▸ Instructions for the task: Please return only the lines from the one showing "Sie können sich" to the end of the entries, keeping both ends and dropping every picture.

(Stored entries)

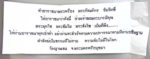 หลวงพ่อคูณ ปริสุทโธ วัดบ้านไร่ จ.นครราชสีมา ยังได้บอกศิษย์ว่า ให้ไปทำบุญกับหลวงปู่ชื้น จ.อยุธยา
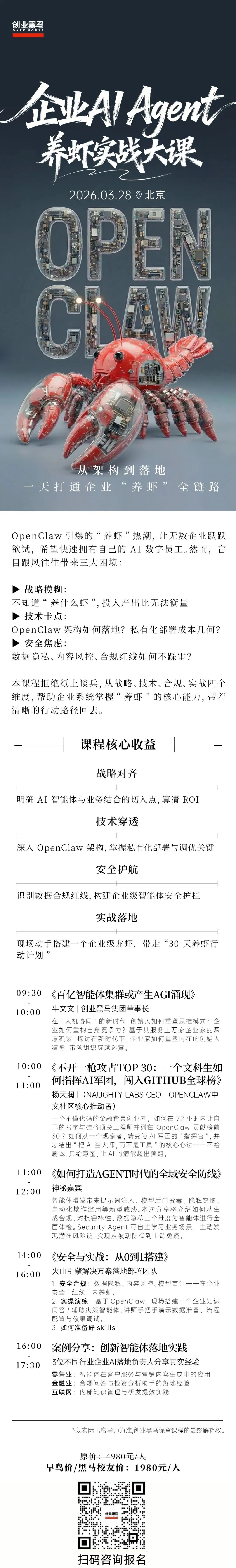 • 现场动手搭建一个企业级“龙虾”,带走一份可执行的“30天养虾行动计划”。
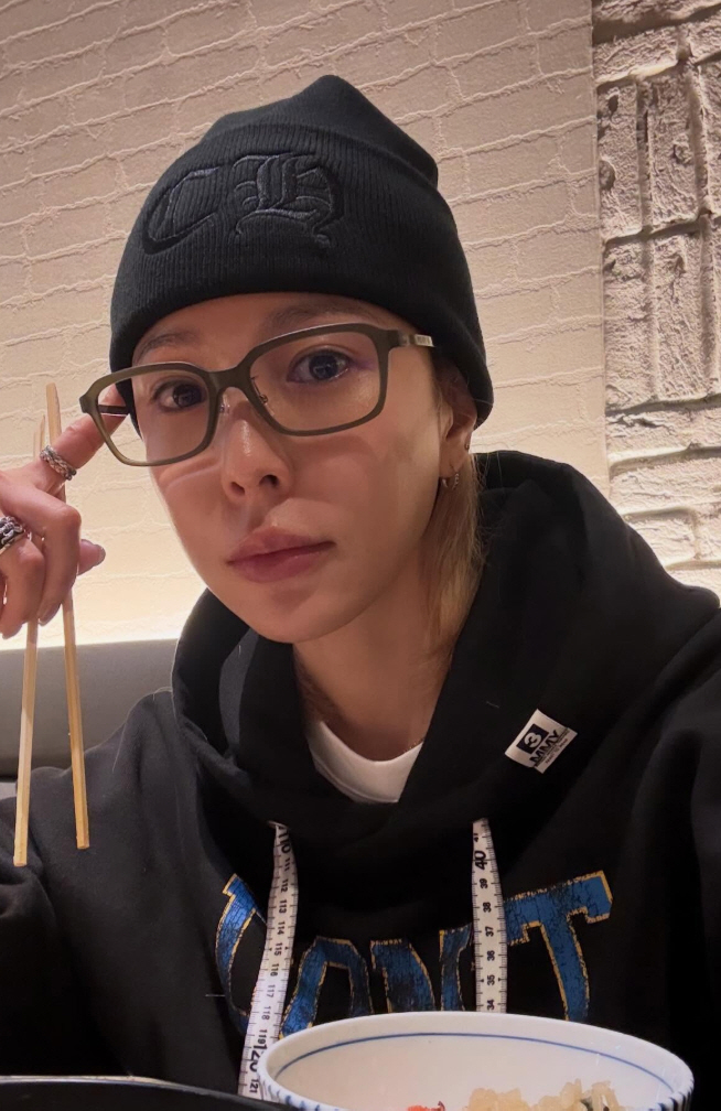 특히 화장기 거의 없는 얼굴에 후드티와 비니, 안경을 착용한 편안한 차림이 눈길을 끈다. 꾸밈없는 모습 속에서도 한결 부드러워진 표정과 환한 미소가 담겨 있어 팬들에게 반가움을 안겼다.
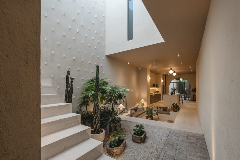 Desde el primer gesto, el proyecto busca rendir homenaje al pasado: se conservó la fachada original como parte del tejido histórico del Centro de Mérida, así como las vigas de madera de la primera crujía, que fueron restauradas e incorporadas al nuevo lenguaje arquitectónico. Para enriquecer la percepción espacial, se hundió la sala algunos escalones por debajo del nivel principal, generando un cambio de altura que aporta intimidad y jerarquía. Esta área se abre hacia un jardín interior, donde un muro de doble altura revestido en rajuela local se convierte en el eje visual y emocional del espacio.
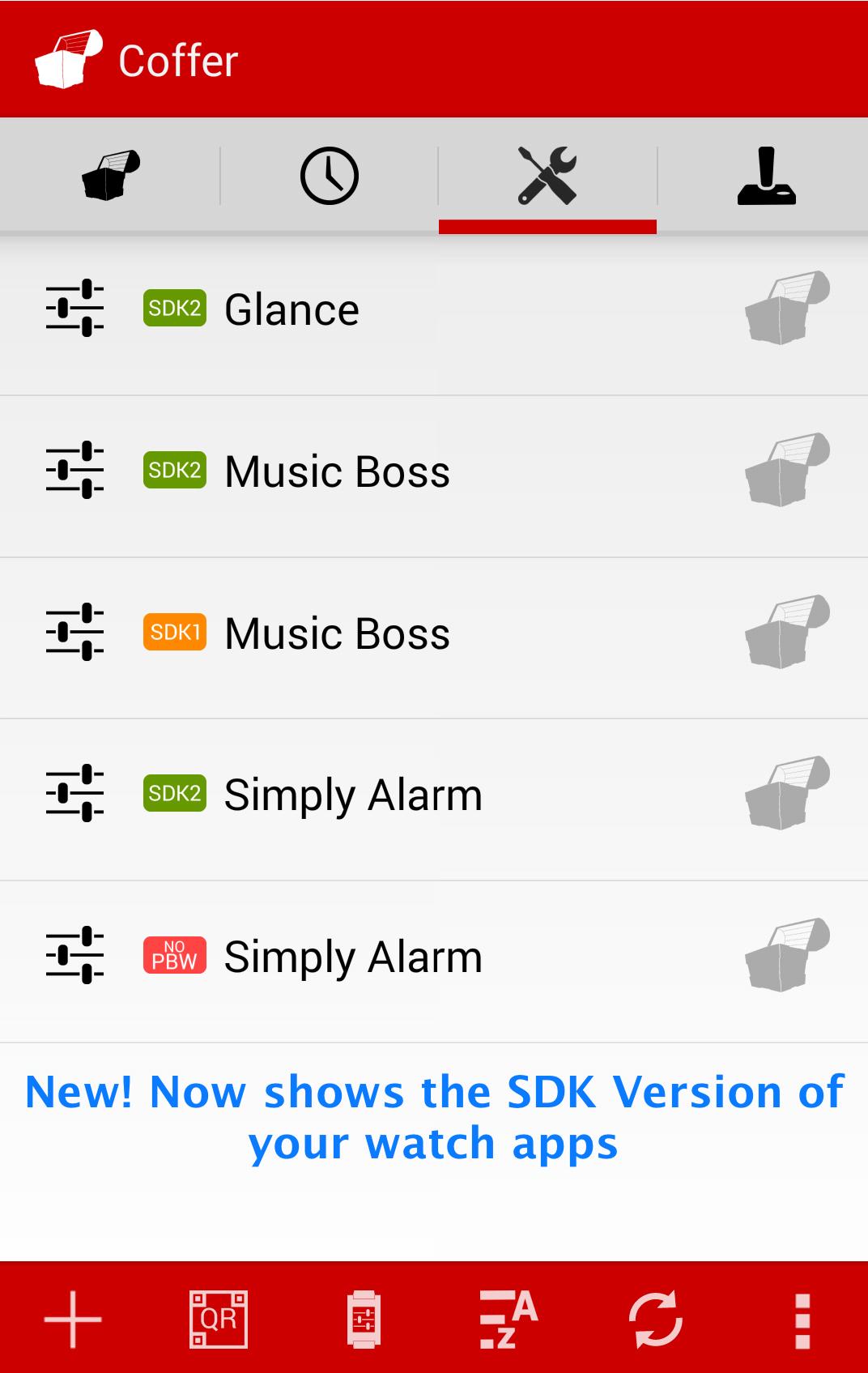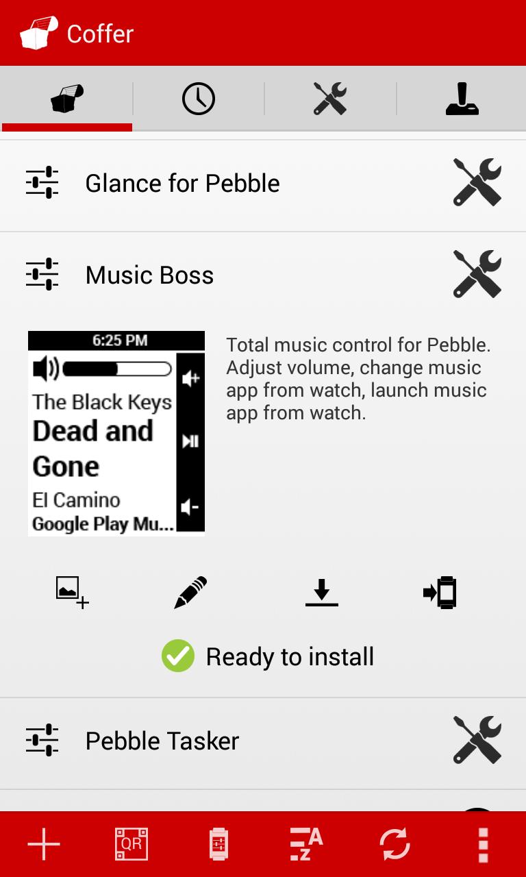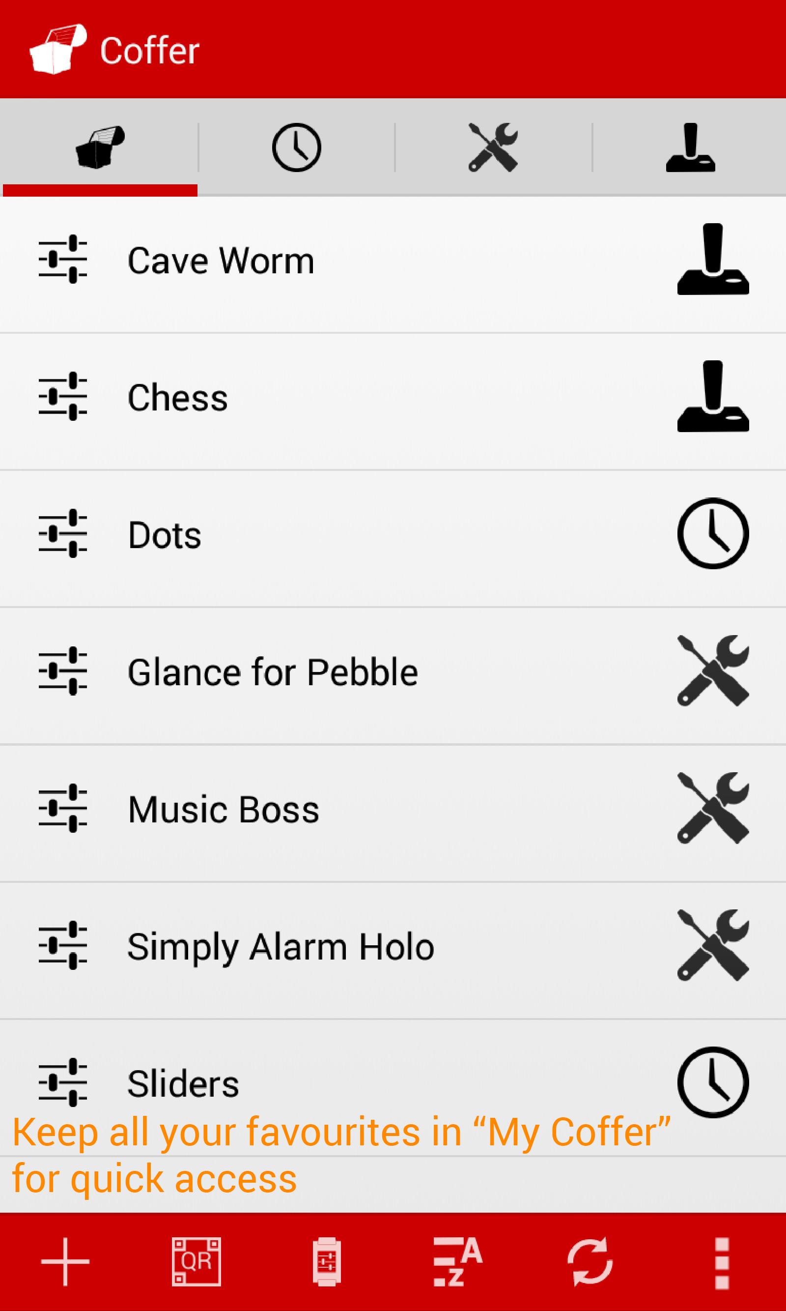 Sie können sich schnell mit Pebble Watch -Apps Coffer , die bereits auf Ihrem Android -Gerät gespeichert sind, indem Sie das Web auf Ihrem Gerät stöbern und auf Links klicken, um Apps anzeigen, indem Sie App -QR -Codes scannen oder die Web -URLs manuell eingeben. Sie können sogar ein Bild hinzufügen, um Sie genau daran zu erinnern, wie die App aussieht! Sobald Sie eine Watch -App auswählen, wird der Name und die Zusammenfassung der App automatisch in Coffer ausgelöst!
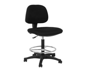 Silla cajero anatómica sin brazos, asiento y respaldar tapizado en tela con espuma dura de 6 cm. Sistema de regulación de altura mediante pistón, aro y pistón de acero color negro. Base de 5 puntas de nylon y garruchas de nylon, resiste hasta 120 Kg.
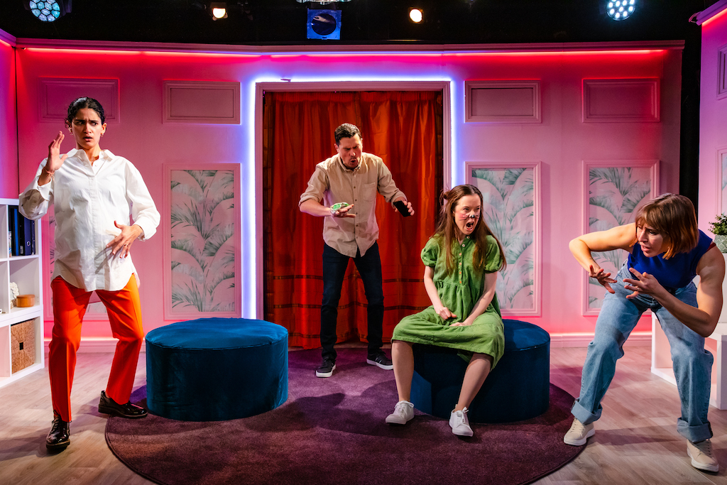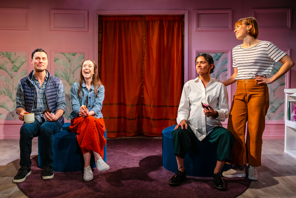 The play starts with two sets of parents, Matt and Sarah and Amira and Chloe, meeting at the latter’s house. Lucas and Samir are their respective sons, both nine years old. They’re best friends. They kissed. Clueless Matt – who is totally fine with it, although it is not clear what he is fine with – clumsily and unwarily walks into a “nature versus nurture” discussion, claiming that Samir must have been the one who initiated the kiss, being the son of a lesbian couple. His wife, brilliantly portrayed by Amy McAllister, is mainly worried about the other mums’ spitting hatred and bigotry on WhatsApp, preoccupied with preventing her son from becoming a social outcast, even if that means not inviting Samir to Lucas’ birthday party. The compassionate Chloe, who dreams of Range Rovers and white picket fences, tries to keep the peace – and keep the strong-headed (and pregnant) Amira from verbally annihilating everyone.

▸ Completed exercise:
 Sie können sich schnell mit Pebble Watch -Apps Coffer , die bereits auf Ihrem Android -Gerät gespeichert sind, indem Sie das Web auf Ihrem Gerät stöbern und auf Links klicken, um Apps anzeigen, indem Sie App -QR -Codes scannen oder die Web -URLs manuell eingeben. Sie können sogar ein Bild hinzufügen, um Sie genau daran zu erinnern, wie die App aussieht! Sobald Sie eine Watch -App auswählen, wird der Name und die Zusammenfassung der App automatisch in Coffer ausgelöst!
 Silla cajero anatómica sin brazos, asiento y respaldar tapizado en tela con espuma dura de 6 cm. Sistema de regulación de altura mediante pistón, aro y pistón de acero color negro. Base de 5 puntas de nylon y garruchas de nylon, resiste hasta 120 Kg.
 The play starts with two sets of parents, Matt and Sarah and Amira and Chloe, meeting at the latter’s house. Lucas and Samir are their respective sons, both nine years old. They’re best friends. They kissed. Clueless Matt – who is totally fine with it, although it is not clear what he is fine with – clumsily and unwarily walks into a “nature versus nurture” discussion, claiming that Samir must have been the one who initiated the kiss, being the son of a lesbian couple. His wife, brilliantly portrayed by Amy McAllister, is mainly worried about the other mums’ spitting hatred and bigotry on WhatsApp, preoccupied with preventing her son from becoming a social outcast, even if that means not inviting Samir to Lucas’ birthday party. The compassionate Chloe, who dreams of Range Rovers and white picket fences, tries to keep the peace – and keep the strong-headed (and pregnant) Amira from verbally annihilating everyone.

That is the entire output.